I can move the patch "mm/demotion/dax/kmem: Set node's memory tier to
MEMORY_TIER_PMEM" before switching the demotion logic so that on systems
with two memory tiers (DRAM and pmem) the demotion continues to work
as expected after patch 3 ("mm/demotion: Build demotion targets based on
explicit memory tiers"). With that, there will not be any regression in
between the patch series.
Thanks! Please do that. And I think you can add sysfs interface after
that patch too. That is, in [1/7]
I am not sure why you insist on moving sysfs interfaces later. They are
introduced based on the helper added. It make patch review easier to
look at both the helpers and the user of the helper together in a patch.
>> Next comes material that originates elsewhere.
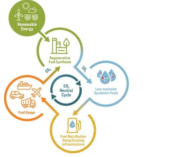 為了盡量減少排放及其對(duì)氣候的影響,最好采用由碳中性可再生能源產(chǎn)生的電力,來(lái)生產(chǎn)合成燃料。就OME和DMC而言,可以通過(guò)電解氫和來(lái)自工業(yè)廢氣或空氣中的CO2,來(lái)生產(chǎn)合成燃料,如甲醇、乙醇等。下一步是將合成氣體轉(zhuǎn)化為合成燃料。通過(guò)這種方法,創(chuàng)建CO2閉環(huán)。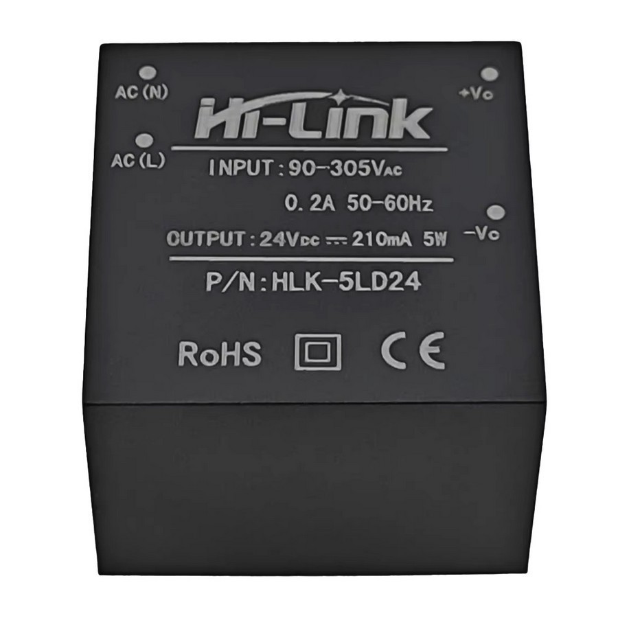 | HLK-5LD24 Модульный сетевой источник питания на плату AC/DC преобразователь на плату в пластиковом корпусе. Мощность: 5 Вт. Входное напряжение: 85...305В Выходное напряжение: 24В, Вых. ток: 210мA ном, Кол-во выходов: 1

Yes. We should introduce a function and its user in one patch for
review. But this doesn't mean that we should introduce the user space
interface as the first step. I think the user space interface should
output correct information when we expose it.
+struct memory_tier {
+ nodemask_t nodelist;
+};
And struct device can be added after the kernel has switched the
implementation based on explicit memory tiers.
+struct memory_tier {
+ struct device dev;
+ nodemask_t nodelist;
+};
Can you elaborate on this? or possibly review the v5 series indicating
what change you are suggesting here?
But I don't think it's a good idea to have "struct device" embedded in
"struct memory_tier". We don't have "struct device" embedded in "struct
pgdata_list"...
I avoided creating an array for memory_tier (memory_tier[]) so that we
can keep it dynamic. Keeping dev embedded in struct memory_tier simplify
the life cycle management of that dynamic list. We free the struct
memory_tier allocation via device release function (memtier->dev.release
= memory_tier_device_release )
Why do you think it is not a good idea?
I think that we shouldn't bind our kernel internal implementation with
user space interface too much. Yes. We can expose kernel internal
implementation to user space in a direct way. I suggest you to follow
the style of "struct pglist_data" and "struct node". If we decouple
"struct memory_tier" and "struct memory_tier_dev" (or some other name),
we can refer to "struct memory_tier" without depending on all device
core. Memory tier should be accessible inside the kernel even without a
user interface. And memory tier isn't a device in concept.
For life cycle management, I think that we can do that without sysfs
too.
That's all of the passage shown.